За всё это время Пабло Пагано впервые выбрался из своего кабинета. Ему нужно было увидеть Лансароте Ланзу. В городе шел лёгкий дождь. Небо, окутанное серой дымкой, блестело тусклой радугой.

– Мой майор! – сказал младший по званию. – Мой майор! Вам к кому?

– Мне нужен Ланза, – ответил Пабло.

– Подождите, мой майор! Здесь он не Ланза, а Обличитель. А сеньор Бьянки здесь не Эдвин Димтер, а Принц.

Пабло вошёл на зелёный стадион. Капли орошали искусственный газон. Молнией сверкнули прожектора. На трибунах сидели заполнявшие бумаги мужчины.

– Марио Альварес! Шахтёр! Симпатизирую «Народному единству»! – послышался голос.

– Августо Кастро! Крестьянин! Беспартийный! – прозвучал за ним второй.

– Серхио Ромеро! Инженер! Социалист! – звучал за вторым третий.

– Принц! Где Ланз… Кхм! Где Обличитель? – спросил Пабло.

– Он в подвале налево! – ответил Бьянки.

– Мне нужно его видеть, – сказал Пабло Пагано и направился к серым ступеням, ведущим вниз.

Ланза стоял в углу. Рядом с ним стоял еще один офицер с забрызганными кровью руками.

На железном столе лежали вскрытые изуродованные тела запытанных людей с отсечёнными конечностями. Ланза старался не смотреть на них.

Пабло вошел в комнату и, отдав честь офицерам, начал говорить:

– Обличи… Обличитель!

Вдруг он, выпучив глаза, почувствовал, как к его горлу подступает тошнота, и вышел из подвала, зажав рот рукой. Оказавшись у входа в подвал, Пабло опустил голову вниз и держал её так ещё долго.
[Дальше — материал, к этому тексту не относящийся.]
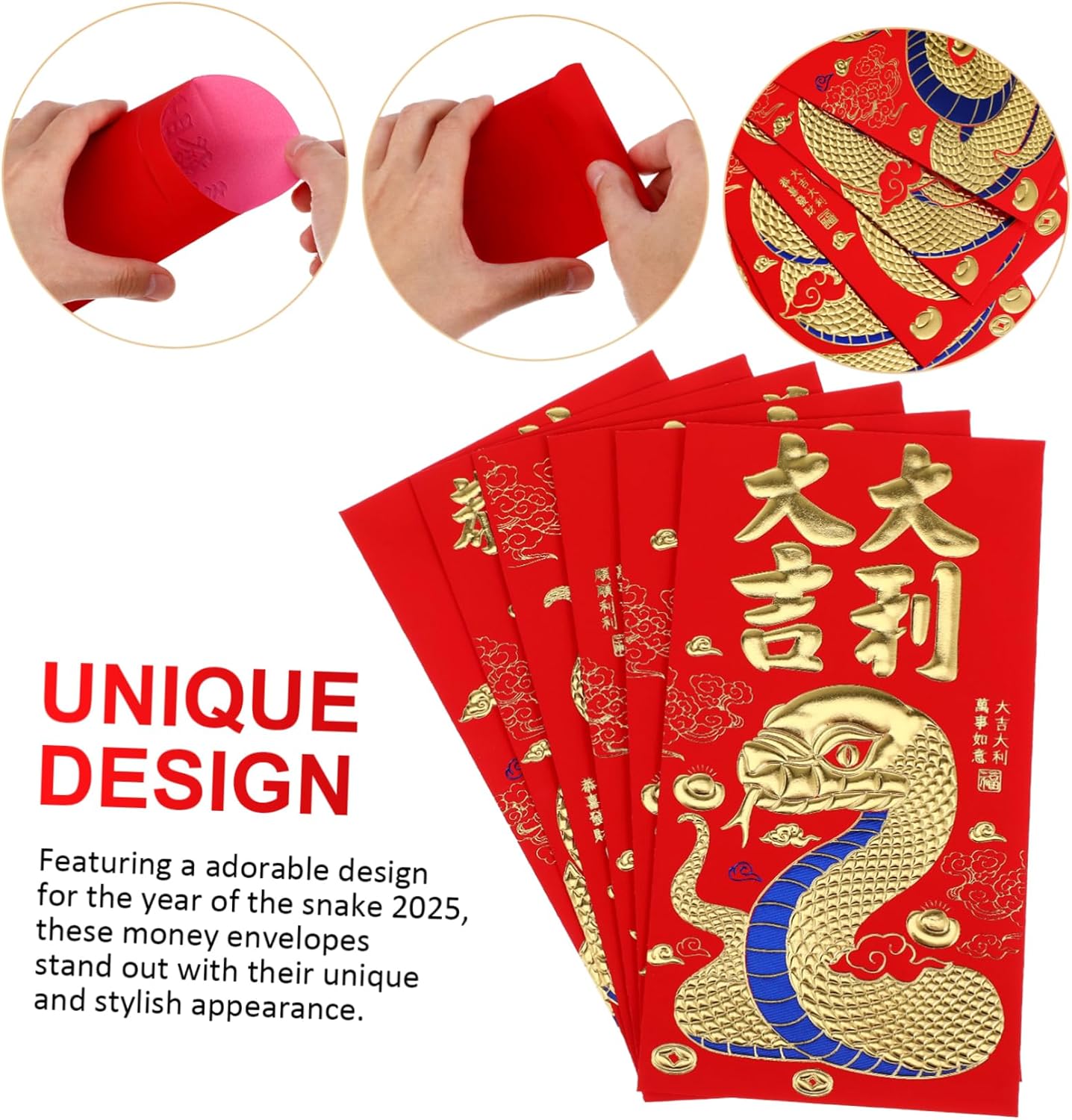 Confezione elegante: ogni pacchetto rosso è confezionato in una squisita confezione, che lo rende una scelta ideale per gli amici durante le feste, buste rosse cinesi a forma di serpente, buste rosse per il capodanno cinese Tema del serpente: celebra l'anno 2025 del serpente con queste buste rosse appositamente progettate, caratterizzate da elementi tradizionali, buste rosse cinesi, buste rosse con cinesi Imballaggio delicato: le buste per contanti sono fornite in una confezione dal design accattivante, che le rende pronte per essere regalate senza bisogno di ulteriore imballaggio, busta per il capodanno cinese, busta rossa per l'anno del serpente Design unico: caratterizzate da un adorabile design per l'anno del serpente 2025, queste buste porta soldi distinguono per il loro aspetto unico ed elegante, busta rossa con cinesi fortunate, busta con cinesi fortunate Ampio spazio: progettate per contenere più banconote e , queste buste portafortuna ti assicurano di poter fare un , pacchetto rosso cinese, serpente hong bao

Его вырвало.

– Почему они не расстреляли их? – подумал Пабло. – Их должны были расстрелять! Я был уверен в этом! Что здесь творилось?! Что здесь стряслось?! Да, марксисты, конечно, бандиты, изуверы, но что же сделали женщины, а тем более малолетние дети?!

Ланза вышел из подвала и чихнул.

– Куда же ты ушёл? – спросил он.

– Скажи, за что конкретно те люди оказались в камере пыток? Мне просто интересно, – дрожащим голосом сказал Пабло.

– За то, что они марксистский мусор! – рявкнул офицер, выходивший вслед за Ланзой. – Например, вот была баба! Её арестовали за то, что в её книге антагониста зовут Аугусто! Доигралась! Загремела уродка в лагерь, превратившись в кровавое месиво! Я думаю, что ей понравилось со мной играть! Она как женщина очень даже ничего! Из неё бы вышла хорошая публичная девка! Но теперь это просто корм для червей или огня! Ха-ха!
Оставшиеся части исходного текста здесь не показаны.